The change you’re making – using a numbing agent – might work if you’ve only got a cold, but if it’s strep throat, you’re not addressing the real problem. Only an antibiotic will cure what ails you, even if Chloraseptic will keep the pain at bay for a while.
Just like how more information is needed to diagnose your sore throat than one feeling, problems you encounter in your life or business require diagnostics, too. Figuring out the real problem – not just your most apparent needs – requires some introspection and a little bit of time.
Here are eight questions to ask when you need to discover the root cause, courtesy of MindTools.com:
- What do you see happening?
- What are the specific symptoms?
- What proof do you have that the problem exists?
- How long has the problem existed?
- What is the impact of the problem?
- What sequence of events leads to the problem?
- What conditions allow the problem to occur?
- What other problems surround the occurrence of the central problem?
Once you have your answers to these key questions, you can’t stop there. Your vantage point is skewed from your own perspective. You’re going to want to ask someone else to evaluate the problem at hand with the same questions and then compare your answers.

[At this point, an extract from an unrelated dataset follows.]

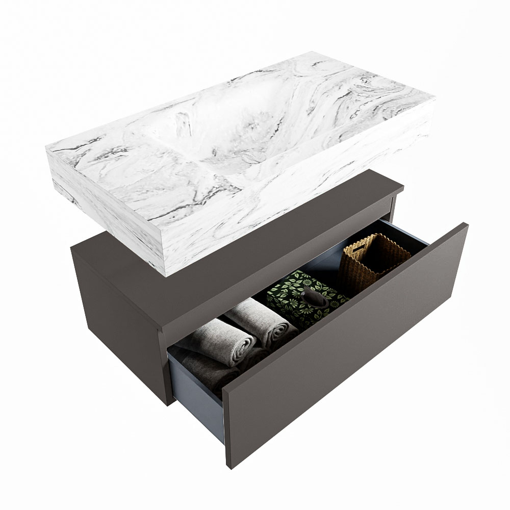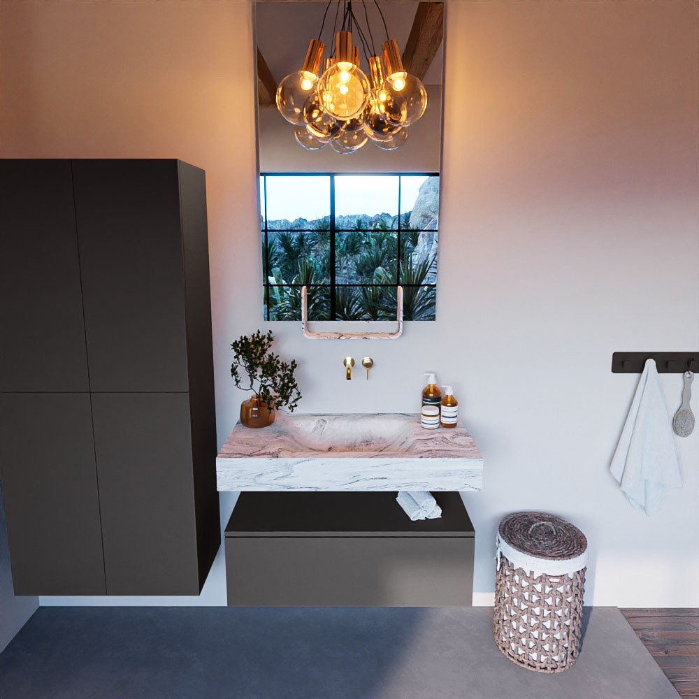 Cree un aspecto elegante y fantástico en su baño con el conjunto de muebles de baño Alan DLUX. El deslumbrante conjunto de muebles de baño ALAN-DLUX consta de un lavabo suspendido con suaves líneas orgánicas de CORIAN en Solid Surface marmolado combinado con el mueble de baño ALAN. El conjunto de muebles de baño ALAN-DLUX es adecuado para cualquier baño, ya sea pequeño o grande. Para completar completamente su baño, también hay disponibles varios accesorios en estos mármoles, como las repisas Mondiaz y los estantes de espejo.

If you and all of the partners at your firm have similar answers, you’ll know you’re on the right track. If you wind up with wildly different ideas, I suggest seeking the advice of someone outside your organization. Fresh eyes can make all the difference in understanding a problem.
I often talk about being ‘too close’ to understand. You’ve probably heard the illustration about a group of people standing by an elephant with blindfolds on, trying to describe what they’re experiencing. Depending on what part of the elephant you’re next to, you’re going to have different observations.
But someone outside of that elephant’s cage can clearly identify the elephant.
The first key to making a lasting change is to make sure you’ve addressed the real problem and are looking for authentic change.